Où l’on gazouille, piaille et babille sur la vie de nos chers oiseaux

Les Bernaches cravants fréquentent régulièrement la baie de Somme lors des deux périodes migratoires, en septembre-octobre et en février-mars. Leur vol en ligne au-dessus de la mer est spectaculaire. Faute de stations de zostères, graminées marines servant de base à leur alimentation, seuls quelques oiseaux isolés, parfois quelques dizaines, stationnent sur de courtes périodes, avec une quasi inexistence d’un hivernage complet. 

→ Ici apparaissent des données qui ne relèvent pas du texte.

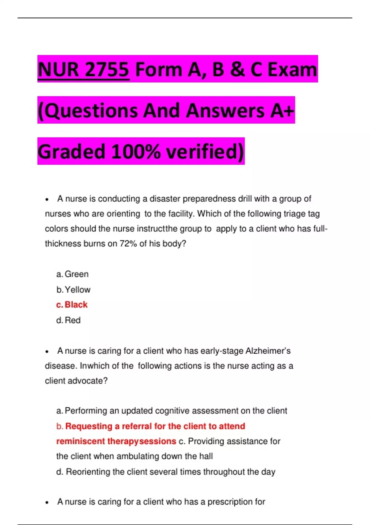 NUR 2755 Form A, B & C Exam (Questions And Answers A+ Graded 100% verified) • A nurse is conducting a disaster preparedness drill with a group of nurses who are orienting to the facility. Which of the following triage tag colors should the nurse instruct the group to apply to a client who has full-thickness burns on 72% of his body? a. Green b. Yellow c. Black d. Red • A nurse is caring for a client who has early-stage Alzheimer’s disease. In which of the following actions is the nurse acting as a client advocate? a. Performing an updated cognitive assessment on the client b. Requesting a referral for the client to attend reminiscent therapy sessions c. Providing assistance for the client when ambulating down the hall d. Reorienting the client several times throughout the day • A nurse is caring for a client who has a prescription for transcutaneous electrical nerve stimulation (TENS). Which of the following members of the interdisciplinary team should the nurse contact for assistance? a. Occupational therapist b. Respiratory therapist c. Pharmacist d. Physical therapist • A nurse is caring for a client who has a pressure ulcer on the coccyx. Which of the following findings indicates the need for a referral to a wound care specialist? a. Minimal signs of induration at the wound edges b. Presence of granulated tissue over the wound c. Presence of slough in the wound bed d. Epithelialization noted in areas of tissue loss • A nurse is planning discharge for a client who has a new diagnosis of COPD and lives alone. Which of the following actions is the nurse’s priority? a. Suggest participating in a community support group b. Provide printed materials for new prescriptions c. Set up appointments for in-home physical therapy d. Request a referral for a home safety assessment • A charge nurse witnesses an assistive personnel (AP) giving an oral medication to a client who has dysphagia. Upon questioning, the AP states that a nurse poured the medication into a cup and asked the AP to give it to the client. Which of the following actions should the charge nurse take first? a. Reinforce facility policy regarding medication administration with the AP b. Discuss the situation with the nurse who poured the medication c. Complete the appropriate documentation of the incident d. Auscultate the client’s breath sounds • A nurse is observing assistive personnel (AP) administer a 0.9% sodium chloride enema to an adult client. For which of the following actions by the AP should the nurse intervene? a. Administers the solution at room temperature b. Positions the client on her left side with knees flexed c. Inserts the tubing 8 cm (3.1 in) into the rectum d. Points tubing in the direction of the umbilicus during insertion • A nurse is preparing to transfer a client to the radiology department using a wheelchair. Which of the following actions should the nurse take? a. Leave a transfer belt in place until the client returns from radiology b. Keep the footplates lowered throughout the transfer process c. Push the wheelchair into the elevator, large wheels last d. Test the locks on both wheels of the chair prior to transfer • A nurse manager is preparing to institute a new system for scheduling staff. Several nurses have verbalized concern over the possible changes that will occur. Which of the following is an appropriate method to facilitate the adoption of the new scheduling system? a. Introduce the new scheduling system by describing how it will save the institution money b. Offer to reassign staff who do not support the change to another unit c. Identify nurses who accept the change to help influence other staff nurses - check d. Provide a brief overview of the new scheduling system immediately before its implementation • A nurse is planning discharge for a client following a hip arthroplasty. The client tells the nurse that she lives alone. Which of the following actions should the nurse take first? a. Report the information to the provider b. Contact the case manager for a consultation c. Determine the specific needs of the client d. Document the client’s living situation in the medical record • A charge nurse is making assignments for a medical-surgical unit. Which of the following clients is appropriate to assign to a licensed practical nurse? a. A client who has emphysema and has an oxygen saturation level of 92% b. A client who is scheduled to start oral nutrition 2 days after stroke c. A client who is scheduled to receive 2 units of RBCs following a hip replacement d. A client who has dehydration and is being admitted from the emergency department • A nurse enters a client’s room and identifies that the client is receiving too much IV fluid because the IV pump is not working properly. Which of the following actions should the nurse take first? a. Place a faulty equipment tag on the pump b. Auscultate the client’s lungs c. Complete an incident report d. Notify the provider • A nurse is discussing advance directives with a client. Which of the following statements by the client indicates an understanding of advance directives? a. I know I have the right to determine if I remain on a breathing machine b. I know I’ll need a lawyer to change them later, so I want to get them right c. I trust my doctor, so I’m going to leave it to him to do what’s best for me d. By naming a health care proxy, I give up the right to make my own medical decisions • A nurse manager is receiving report and is faced with the following situations that require intervention. Which of the following should the nurse manager address first? a. Two nurses had a heated disagreement about a scheduling issue b. No transport assistance is available to take a client to physical therapy c. Three staff members have called to say they will be absent d. A client is refusing care from assistive personnel of the opposite gender • A nurse is considering placing wrist restraints on a client who has co

Un groupe de 27 individus est noté pour la première fois sur le Parc le 26 décembre ; elles sont 19 les 8 et 12 janvier, 23 le 24 janvier. Elles se nourrissent surtout sur la prairie du poste 1 à proximité des Oies cendrées, tout en restant toujours ensemble. C’est certainement le même groupe qui est présent depuis novembre sur le schorre du Cap Hornu à Saint-Valery-sur-Somme. La moyenne de l’effectif de la mi-janvier en baie de Somme pour la période 1991-2005 n’est que de 1,6 oiseau

On se réjouit de voir ainsi ce groupe prendre ses quartiers d’hiver chez nous. D’autant plus que, ne l’oublions pas, cette petite oie protégée vient de bien loin, nichant à l’ouest de la Sibérie, de la Nouvelle Zemble à la presqu’île de Taïmyr – soit une migration annuelle aller-retour  de 10 à 15.000 km ! La France joue un rôle essentiel pour l’hivernage de cette espèce avec jusqu’à 165.000 hivernants (75% de la population biogéographique) répartis sur les estuaires de la Manche au Bassin d’Arcachon, avec de gros effectifs en Bretagne, sur les îles de Vendée et en Charente-Maritime.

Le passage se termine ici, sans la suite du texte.